A language dies every 14 days globally.
The Andaman & Nicobar school system has no tribal-language digital curriculum.
Remote islands have unreliable or zero internet connectivity — cloud-based tools don't work here.

SpeechMate is an attempt to build that missing tool. It is a pre-pilot prototype — functional, but not yet validated in schools.

🎯 Core Value

One sentence: Offline voice-based Nicobarese vocabulary learning for tribal primary school children and their teachers.

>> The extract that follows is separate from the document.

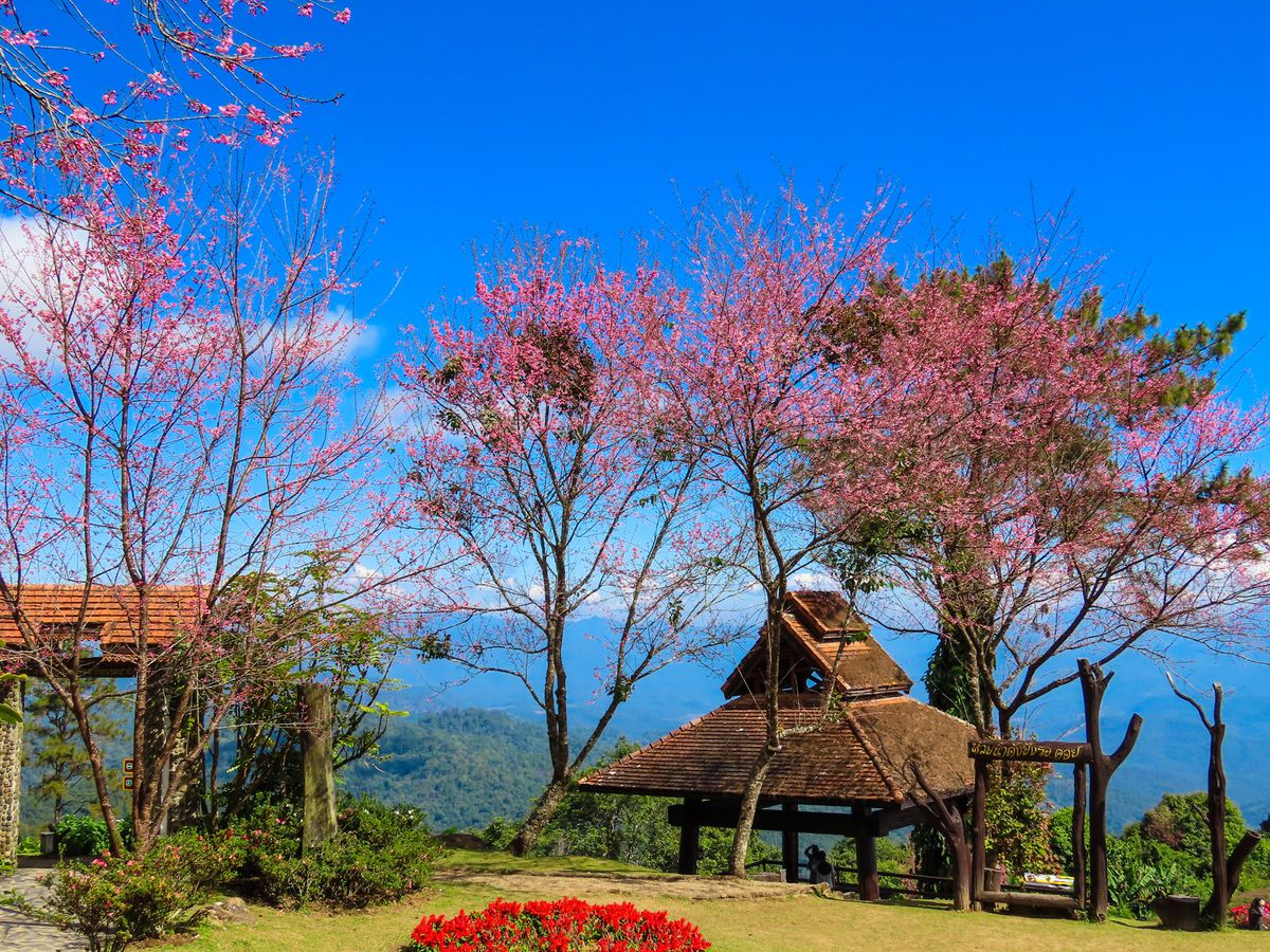 หากคุณเดินทางมาในช่วงเดือนมกราคมถึงกุมภาพันธ์ คุณจะได้เห็นดอกนางพญาเสือโคร่งสีชมพูสะพรั่งไปทั่วบริเวณ เพิ่มความโรแมนติกให้กับทริปครอบครัวหรือคนรักได้เป็นอย่างดี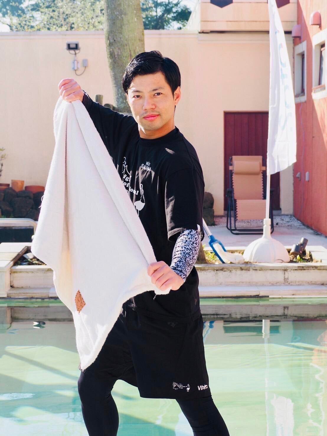 タオル飛ばし系の回転技を得意とする一面、サウナ室を真っ暗にして瞑想×キャンドルと丸の内OLや意識高い系が好むアウフグースをし脳の活性化を図るようなアウフもするが、当の本人はサウナ室内で人を楽しませることを好むみたいだ。お客様が笑うことで呼吸が深くなり内臓の動きを活発にさせることが狙いの「笑(ショウ)アウフグース」は必見。

Two features that matter most:

Feature	What it does	Status
🎙️ Voice Translation	Speak in Hindi/Tamil/Bengali/Telugu → hear Nicobarese audio	✅ Working
📚 Vocabulary Learning	12 categories, 2,400+ words, games, flashcards, spaced repetition	✅ Working

Everything else in this app supports these two features or is exploratory.

📊 Status (Honest)

This is a pre-pilot prototype. Here is what each feature's status actually is:

Feature	Status	Notes
Nicobarese dictionary (2,400+ words)	✅ Working	JSON lexicons, seeded to SQLite
Word learning games (4 games)	✅ Working	Match, Flashcards, Scramble, Runner
SM-2 Spaced Repetition (SRS)	✅ Working	Standard Anki-style algorithm
XP / leveling / daily missions	✅ Working	Deterministic, no backend needed
Regional language translation (4 lang)	✅ Working	Google ML Kit offline models
On-device STT (Whisper Base)	✅ Working	Via NDK 27 C++ — tested on mid-range Android
Teacher dashboard	✅ Working	Phrase bank, quiz mode, OCR scanner
AR object → Nicobarese overlay	⚠️ Partial	Works on static images; live video overlay is experimental
Malayalam translation	⚠️ Partial	Requires internet (cloud fallback)
Great Andamanese hub	⚠️ Partial	Lexicon loaded; voice + OCR functional, community features UI-only
Omni-Broadcast (5 languages at once)	🧪 Experimental	Architecture built; latency on low-end devices not validated
Dialect heatmap, Culture Hub	🧪 Experimental	UI complete; data is placeholder
P2P sync, Document translation	🧪 Experimental	Feature works but no field testing
Virtual pet	🧪 Experimental	Functional; pedagogical value untested

Not yet done: User testing, accuracy benchmarks, school deployment, community audio recordings.

⚡ Why SpeechMate?

Feature	Google Translate	Duolingo	Offline Dictionary Apps	SpeechMate
Tribal Languages	No Nicobarese support	No Nicobarese support	No tribal languages	✅ Nicobarese & G. Andamanese
Connectivity	Requires internet	Requires internet	✅ Works offline	✅ Works fully offline*
Target Audience	General audience	✅ Child-focused	General audience	✅ Built for ages 6–14
Classroom Fit	Not designed for tribal classrooms	Not designed for tribal classrooms	Not designed for tribal classrooms	✅ Tailored for tribal classrooms
Educator Tools	None	Schools edition	None	✅ Custom teacher dashboard
Voice Learning	✅ Supported	✅ Supported	No voice features	✅ Supported

*Core vocabulary and translation is offline. AR overlay and Malayalam use partial online features.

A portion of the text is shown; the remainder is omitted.